##### PROVIDED INFORMATION

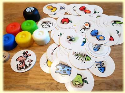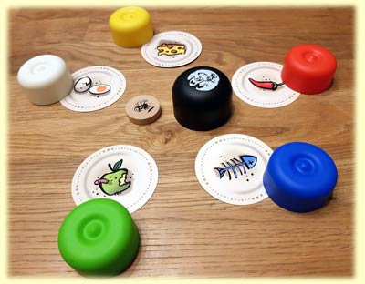 In der Vorspeisen-Variante für Einsteiger ist alles noch relativ einfach: Wer an der Reihe ist, deckt eine Karte auf. Nun müssen alle die Servierglocke, die sich auf der gesuchten Sache (Speise oder Fliege) befindet, schnappen - unabhängig davon, welche Farbe diese hat.
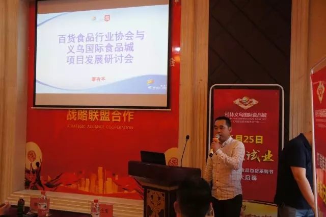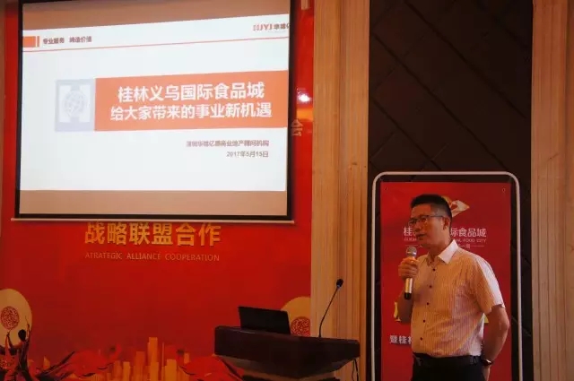 最后,桂林義烏食品城戰(zhàn)略顧問(wèn)機(jī)構(gòu)深圳華錦億爵商業(yè)地產(chǎn)顧問(wèn)機(jī)構(gòu)謝金杏先生就桂林義烏國(guó)際食品城將給大家?guī)?lái)什么樣的事業(yè)新機(jī)遇展開(kāi)發(fā)言,謝總分別闡述了食品城的項(xiàng)目定位、桂林食品百貨行業(yè)批發(fā)市場(chǎng)現(xiàn)狀、項(xiàng)目商業(yè)規(guī)劃、運(yùn)營(yíng)模式、以及項(xiàng)目將給大家?guī)?lái)什么機(jī)遇五個(gè)要點(diǎn)展開(kāi)。重點(diǎn)闡述了作為商家進(jìn)駐義烏食品城的長(zhǎng)期收益。最后謝金杏先生表示在食品城、行業(yè)協(xié)會(huì)、顧問(wèn)機(jī)構(gòu)、VIP商戶的共同努力下,把桂林義烏國(guó)際食品城打造為桂林市顛覆傳統(tǒng)規(guī)模最大的食品百貨批發(fā)大市場(chǎng)。
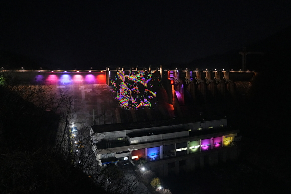 거대한 댐 구조물을 캔버스 삼아 펼쳐지는 화려한 빛의 영상은 낮과는 또 다른 감동을 선사한다.
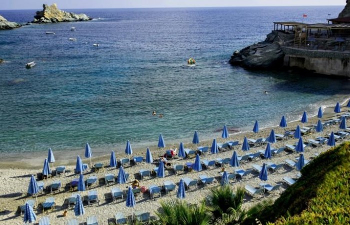 Plaja: Pietris, are forma unui golf. Transfer la plaja la fiecare 20 min, se poate coboara pe scari. Intrarea in mare: nisip cu pietris marunt. Plaja este amenajata cu dus.
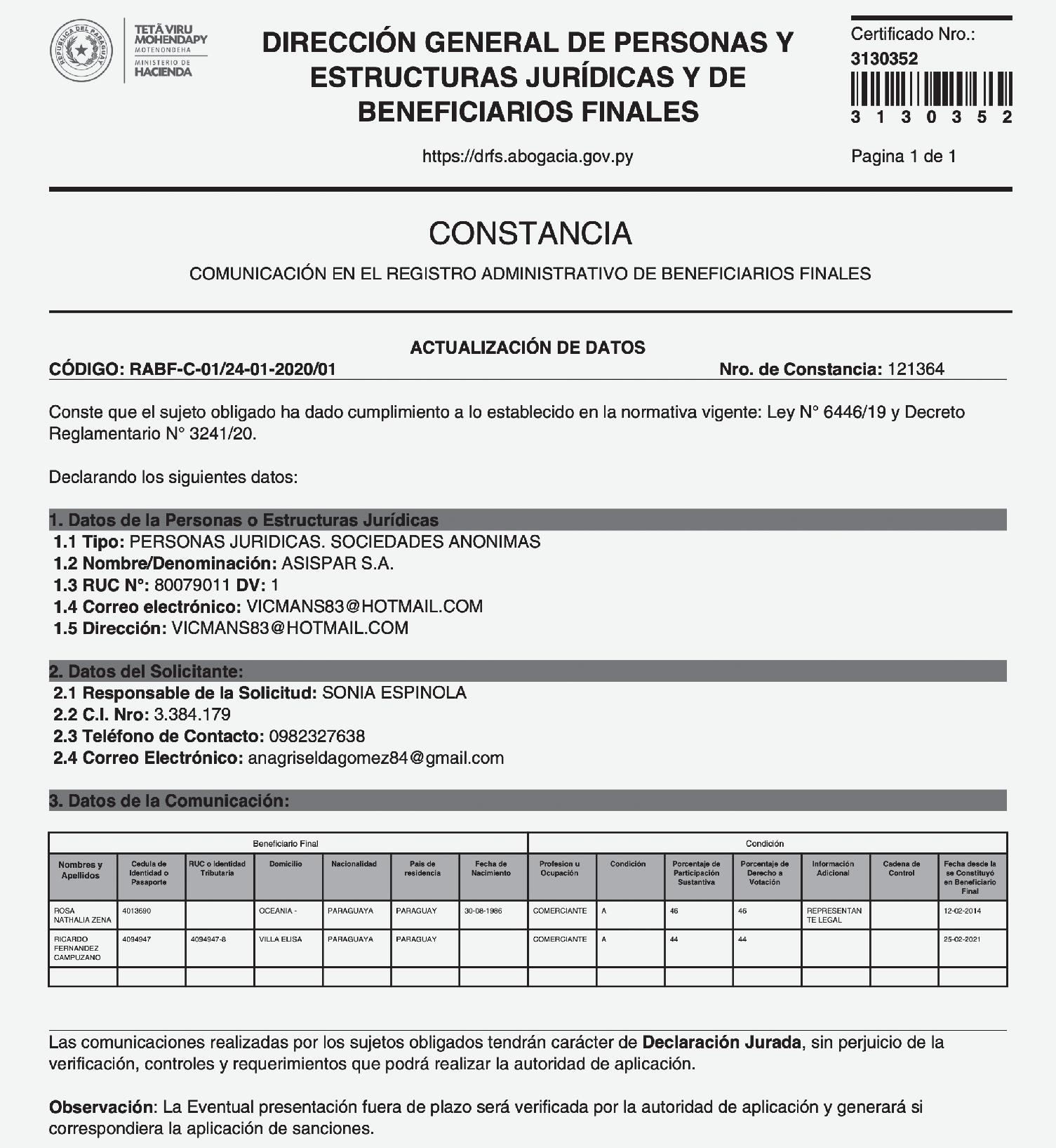 En Asispar SA también aparece Rosa Nathalia Zena con el 46 % de las

##########

### WHAT IS EXPECTED:
In the transcription, every picture is to be excluded and the records above given again exactly.

### SOLVED EXERCISE:
 In der Vorspeisen-Variante für Einsteiger ist alles noch relativ einfach: Wer an der Reihe ist, deckt eine Karte auf. Nun müssen alle die Servierglocke, die sich auf der gesuchten Sache (Speise oder Fliege) befindet, schnappen - unabhängig davon, welche Farbe diese hat.
 最后,桂林義烏食品城戰(zhàn)略顧問(wèn)機(jī)構(gòu)深圳華錦億爵商業(yè)地產(chǎn)顧問(wèn)機(jī)構(gòu)謝金杏先生就桂林義烏國(guó)際食品城將給大家?guī)?lái)什么樣的事業(yè)新機(jī)遇展開(kāi)發(fā)言,謝總分別闡述了食品城的項(xiàng)目定位、桂林食品百貨行業(yè)批發(fā)市場(chǎng)現(xiàn)狀、項(xiàng)目商業(yè)規(guī)劃、運(yùn)營(yíng)模式、以及項(xiàng)目將給大家?guī)?lái)什么機(jī)遇五個(gè)要點(diǎn)展開(kāi)。重點(diǎn)闡述了作為商家進(jìn)駐義烏食品城的長(zhǎng)期收益。最后謝金杏先生表示在食品城、行業(yè)協(xié)會(huì)、顧問(wèn)機(jī)構(gòu)、VIP商戶的共同努力下,把桂林義烏國(guó)際食品城打造為桂林市顛覆傳統(tǒng)規(guī)模最大的食品百貨批發(fā)大市場(chǎng)。
 거대한 댐 구조물을 캔버스 삼아 펼쳐지는 화려한 빛의 영상은 낮과는 또 다른 감동을 선사한다.
 Plaja: Pietris, are forma unui golf. Transfer la plaja la fiecare 20 min, se poate coboara pe scari. Intrarea in mare: nisip cu pietris marunt. Plaja este amenajata cu dus.
 En Asispar SA también aparece Rosa Nathalia Zena con el 46 % de las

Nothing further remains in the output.